Veel minder CO2 met nieuwe geharde staalstoort

08/01/2019

Door Ad Spijkers

Staal is dankzij de hoogconjunctuur in de bouwsector en de goed draaiende economie een veelgevraagd materiaal. Nieuwe ontwikkelingen maken het ook milieuvriendelijker.


     


De productie van staal kost veel grondstoffen en energie. Een nieuwe methode van Econsteel kan een belangrijke stap voorwaarts voor de milieubescherming zijn. De Deutsche Bundesstiftung Umwelt (DBU) biedt ondersteuning bij de start van het nieuwe project van de staalfabrikant uit Rottweil (Zwarte Woud).

Nadat de onderneming in een voorafgaand DBU-project een nieuw soort staal had ontwikkeld, moet nu een mechanische bewerkingsmethode voor het harden van het oppervlak worden gevonden.
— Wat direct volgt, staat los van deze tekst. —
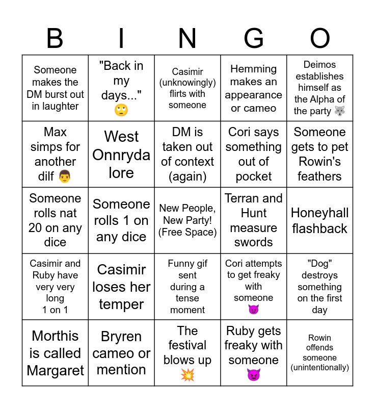 This bingo card has a free space and 24 words: Casimir loses her temper, Bryren cameo or mention, DM is taken out of context (again), Morthis is called Margaret, Deimos establishes himself as the Alpha of the party 🐺, Someone makes the DM burst out in laughter, Max simps for another dilf 👨, "Back in my days..." 🙄, Terran and Hunt measure swords, Funny gif sent during a tense moment, Cori says something out of pocket, Someone rolls nat 20 on any dice, Cori attempts to get freaky with someone 😈, "Dog" destroys something on the first day, West Onnryda lore, Ruby gets freaky with someone 😈, Honeyhall flashback, Casimir (unknowingly) flirts with someone, Someone gets to pet Rowin's feathers, Someone rolls 1 on any dice, Rowin offends someone (unintentionally), Casimir and Ruby have very very long 1 on 1, Hemming makes an appearance or cameo and The festival blows up 💥.

Als datd met succes verloopt, dan zou de combinatie uit het nieuwe materiaal en het mechanisch harden in de toekomst zo'n 99% uitstoot van broeikasgas kunnen besparen in vergelijking met het huidige productieproces. Bovendien ontstaat praktisch geen afval in de vorm van spanen meer, wat de efficiëntie van resources verder doet toenemen. De DBU ondersteunt het project met kennis en een subsidie van 125.000 Euro.

In het voorgaande project heeft het bedrijf, mede door de ondersteuning van de DBU, een nieuwe materiaalklasse in staal ontwikkeld en beproefd. De productie hiervan vraagt minder energie en grondstoffen. In het vervolgproject wil de onderneming met behulp van een speciale mechanische bewerkingsmethode voor dit materiaal nog meer besparen. Econsteel heeft ontdekt dat de oppervlakken van de in het vorige project ontwikkelde staalsoorten in tegenstelling tot conventionele staalsoorten door een zuiver mechanisch proces – het zogeheten rolleren – zo goed laat versterken dat conventionele hardingsmethoden er door kunnen worden vervangen. Daardoor zijn nieuwe efficiënte toepassingen in de hoogste kwaliteit mogelijk.

 

53.000 ton minder CO2 mogelijk

Tot nu toe moeten staalsoorten tegen hoge energiekosten in thermische methoden bij hoge temperaturen worden bewerkt om de nodige sterkte te krijgen. Omdat ze door de hitte vervormen, moeten de werkstukken bovendien met de nodige inspanning meestal worden nabewerkt met behulp van richt- en slijpprocessen. De nabewerkingsprocessen en de daarbij ontstane spanen zouden bij de nieuwe methode volledig vervallen, zodat het rendement op de ressources kan toenemen.

Als de methode met succes kan worden opgeschaald, zou in combinatie met het nieuwe materiaal op basis van de brede toepasbaarheid in de industrie alleen al in Duitsland zo'n 53.000 ton CO2 kunnen worden bespaard. Dit komt overeen met de uitstoot van een dorp met 4500 inwoners.